- [GIVEN DATA]:
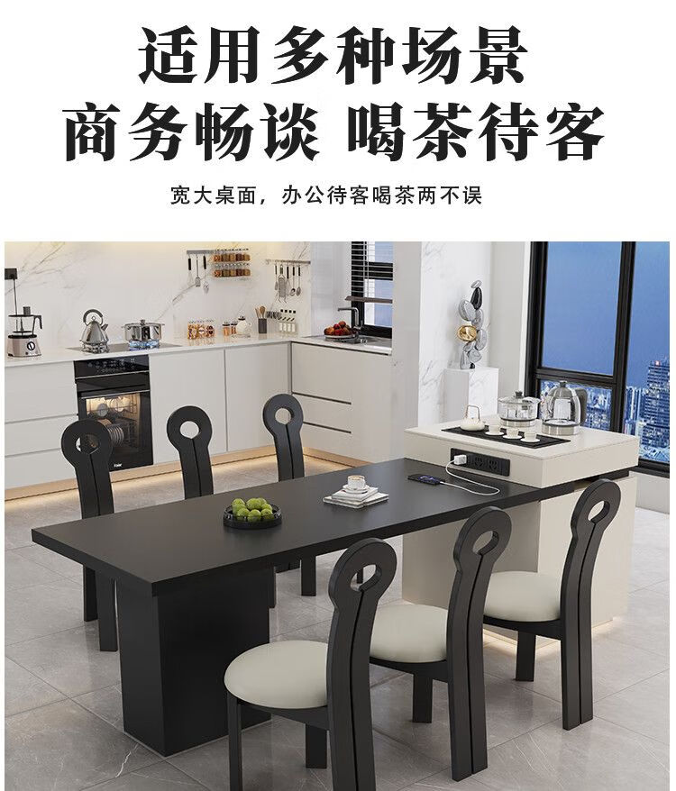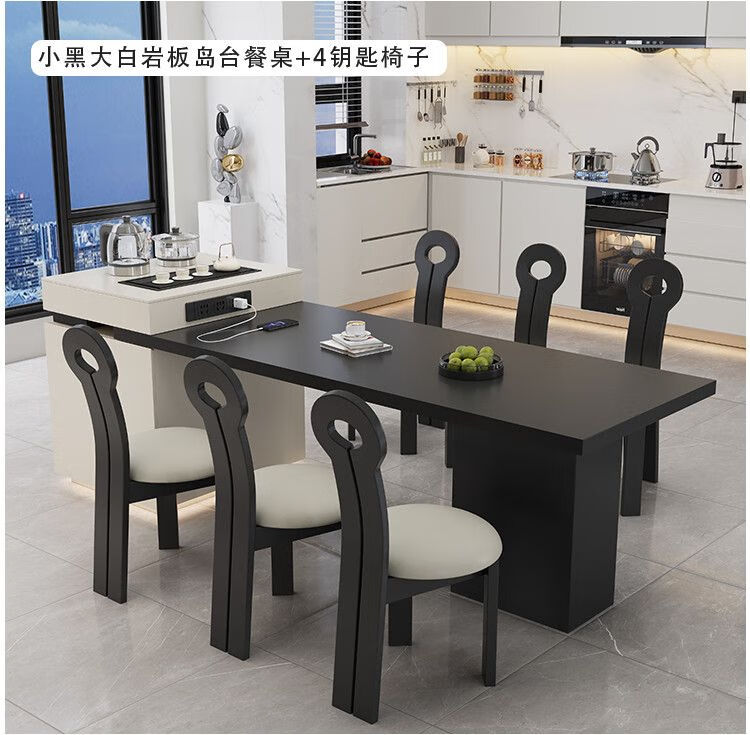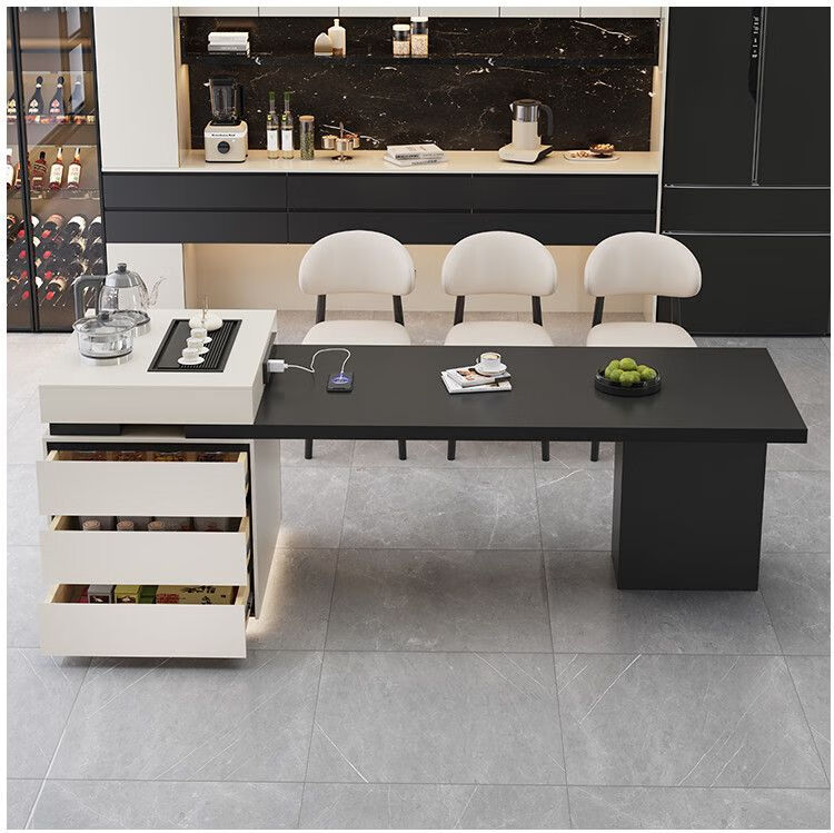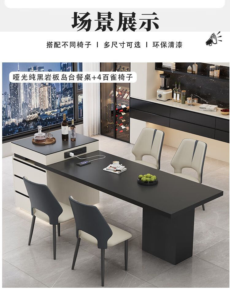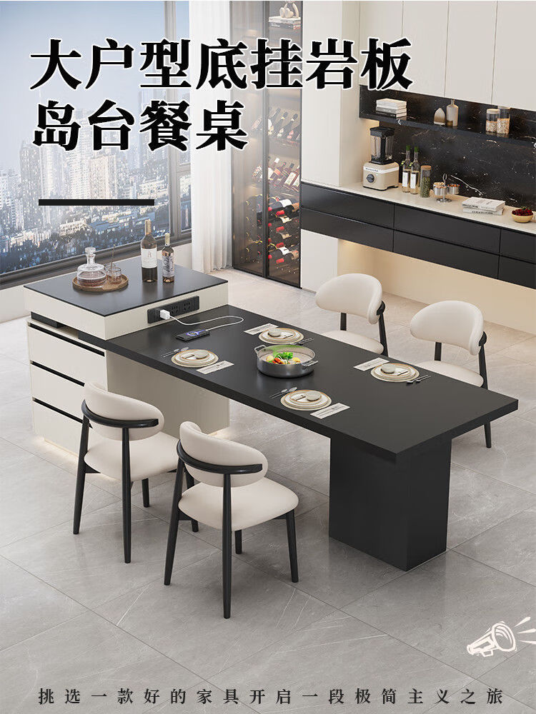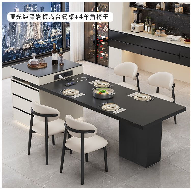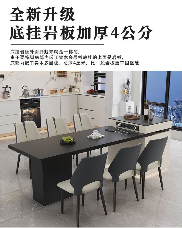 Beixun slate island dining table integrated retractable multi-functional dining table new Italian light luxury home living room island dining table island dining table + track socket + double hole tea stove 2.3-2.65m
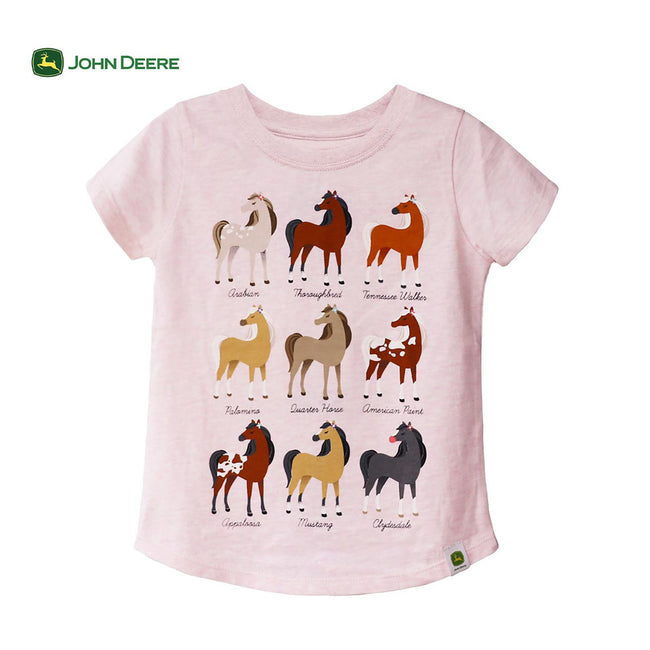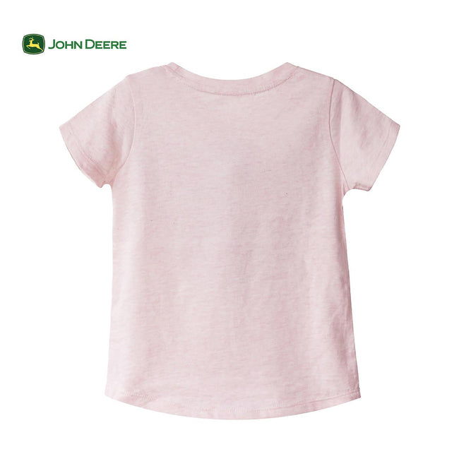 Toddler girl’s short sleeve has a screenprint with all the farm and garden essentials. The t-shirt is a light heather grey glitter is super soft and features a set in rib collar for all day comfort. Rounded hem with a John Deere branding twill tab label on the bottom hem.
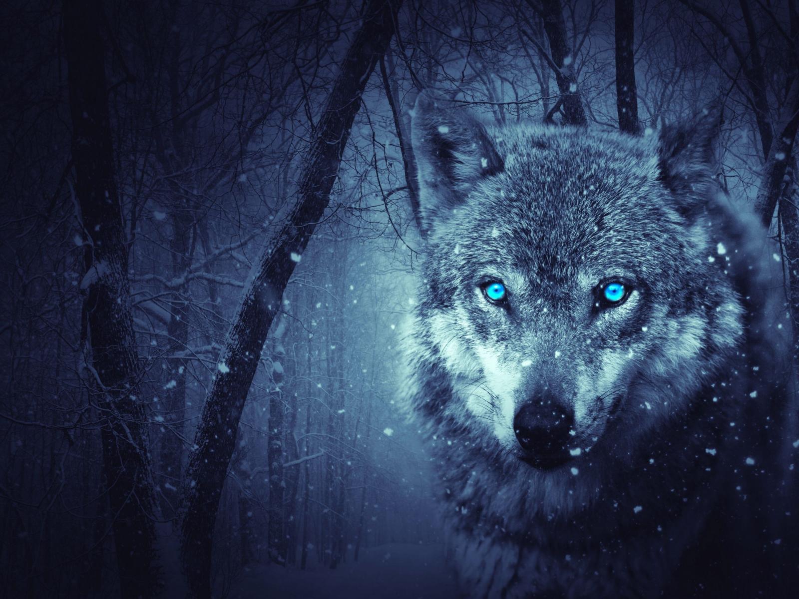 Обои Серый волк с голубыми глазами в холодном зимнем лесу

- [EXERCISE AIM]: Output a verbatim copy of the lines from the line containing "Toddler girl’s short" through the end of the data, both included, without any images.

- [SOLUTION BELOW]:
 Toddler girl’s short sleeve has a screenprint with all the farm and garden essentials. The t-shirt is a light heather grey glitter is super soft and features a set in rib collar for all day comfort. Rounded hem with a John Deere branding twill tab label on the bottom hem.
 Обои Серый волк с голубыми глазами в холодном зимнем лесу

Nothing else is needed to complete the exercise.